»»
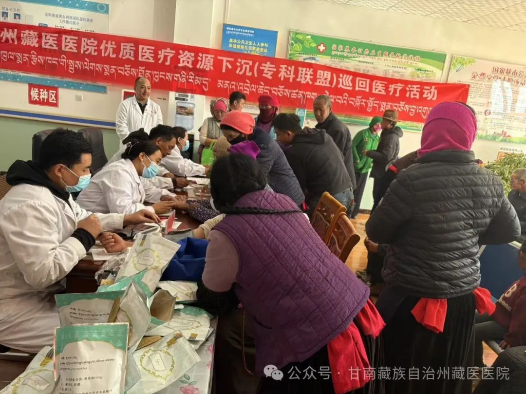 为深入贯彻落实国家关于优质医疗服务资源下沉的政策精神,进一步发挥藏医药专科联盟牵头作用,加强基层医疗卫生服务能力。根据省、州有关文件要求,我院制定优质医疗资源下沉(专科联盟)巡回医疗活动工作制度,逐步深入州内部分乡镇卫生院开展巡回医疗活动。进一步提升基层医疗卫生服务水平,让农牧民群众及时了解国家医疗惠民政策,宣传藏医药文化以及藏医药健康保健知识,提高群众健康意识和自我防病治病能力,使更多的患者能够体验、感受藏医药神奇疗效,充分发挥藏医药独特魅力。11月7日,甘南州藏医医院优质医疗资源下沉(专科联盟)巡回医疗组赴合作市卡加道乡卫生院开展义诊活动。
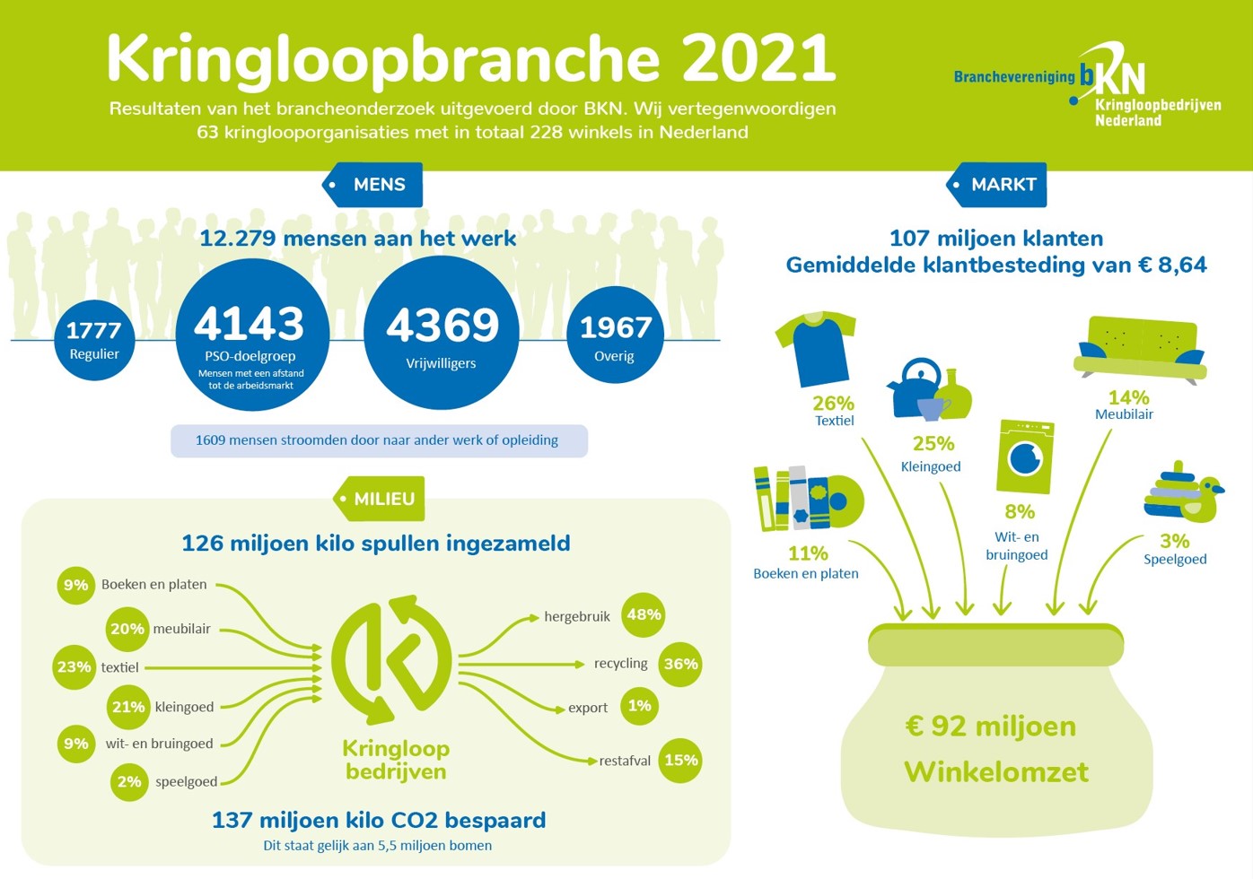 Ondanks een veelbewogen jaar vol maatregelen die een negatieve invloed hadden op dagelijkse bedrijfsvoering, bleef de kringloopbranche in 2021 flink impact maken. Dat is duidelijk zichtbaar door de 12.280 mensen die werkzaam zijn binnen de branche en de besparing van 137 miljoen kg CO2 door hergebruik en recycling van goederen. Dit blijkt uit cijfers van het brancheonderzoek uitgevoerd door de Branchevereniging Kringloopbedrijven Nederland (BKN).
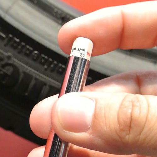 Confirm which measuring scale you are using. Some tread depth gauges measure in 32nds of an inch (left), while others measure in both 32nds of an inch and millimeters (right).
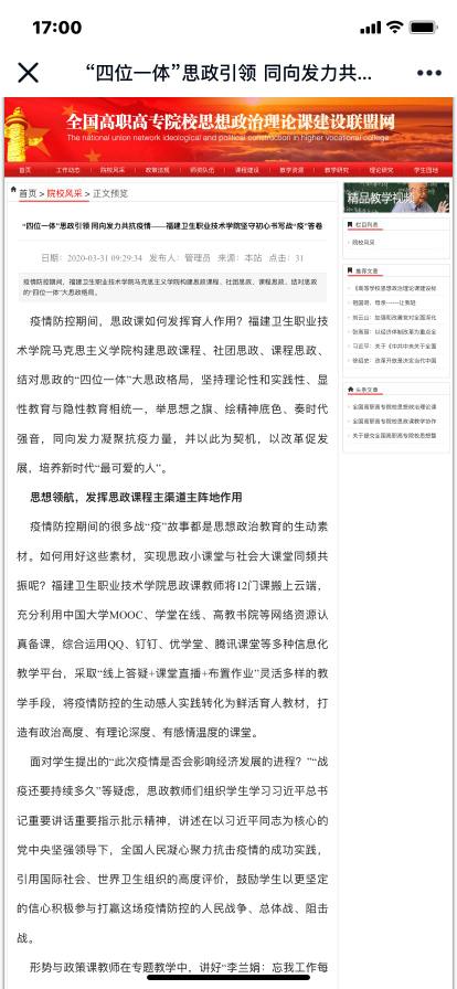 《東南網(wǎng)》3月29日以《四位一體”思政引領(lǐng) 同向發(fā)力共抗疫情——福建一高校堅守初心書寫戰(zhàn)“疫”答卷》對馬克思主義學院進行了報道。
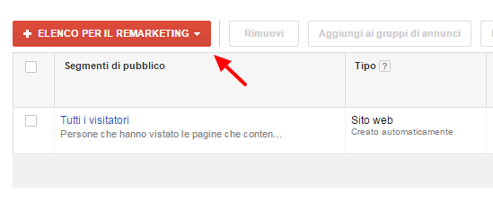 Considerato però che il nostro obiettivo è un altro (far vedere un annuncio video solo a chi ha visitato la sezione Saldi Uomo sul nostro sito), procediamo a creare un nuovo Elenco per il Remarketing, cliccando sul pulsante rosso.
««
Exercise brief: Give the records back exactly, with no pictures.

Answer to the exercise:
 为深入贯彻落实国家关于优质医疗服务资源下沉的政策精神,进一步发挥藏医药专科联盟牵头作用,加强基层医疗卫生服务能力。根据省、州有关文件要求,我院制定优质医疗资源下沉(专科联盟)巡回医疗活动工作制度,逐步深入州内部分乡镇卫生院开展巡回医疗活动。进一步提升基层医疗卫生服务水平,让农牧民群众及时了解国家医疗惠民政策,宣传藏医药文化以及藏医药健康保健知识,提高群众健康意识和自我防病治病能力,使更多的患者能够体验、感受藏医药神奇疗效,充分发挥藏医药独特魅力。11月7日,甘南州藏医医院优质医疗资源下沉(专科联盟)巡回医疗组赴合作市卡加道乡卫生院开展义诊活动。
 Ondanks een veelbewogen jaar vol maatregelen die een negatieve invloed hadden op dagelijkse bedrijfsvoering, bleef de kringloopbranche in 2021 flink impact maken. Dat is duidelijk zichtbaar door de 12.280 mensen die werkzaam zijn binnen de branche en de besparing van 137 miljoen kg CO2 door hergebruik en recycling van goederen. Dit blijkt uit cijfers van het brancheonderzoek uitgevoerd door de Branchevereniging Kringloopbedrijven Nederland (BKN).
 Confirm which measuring scale you are using. Some tread depth gauges measure in 32nds of an inch (left), while others measure in both 32nds of an inch and millimeters (right).
 《東南網(wǎng)》3月29日以《四位一體”思政引領(lǐng) 同向發(fā)力共抗疫情——福建一高校堅守初心書寫戰(zhàn)“疫”答卷》對馬克思主義學院進行了報道。
 Considerato però che il nostro obiettivo è un altro (far vedere un annuncio video solo a chi ha visitato la sezione Saldi Uomo sul nostro sito), procediamo a creare un nuovo Elenco per il Remarketing, cliccando sul pulsante rosso.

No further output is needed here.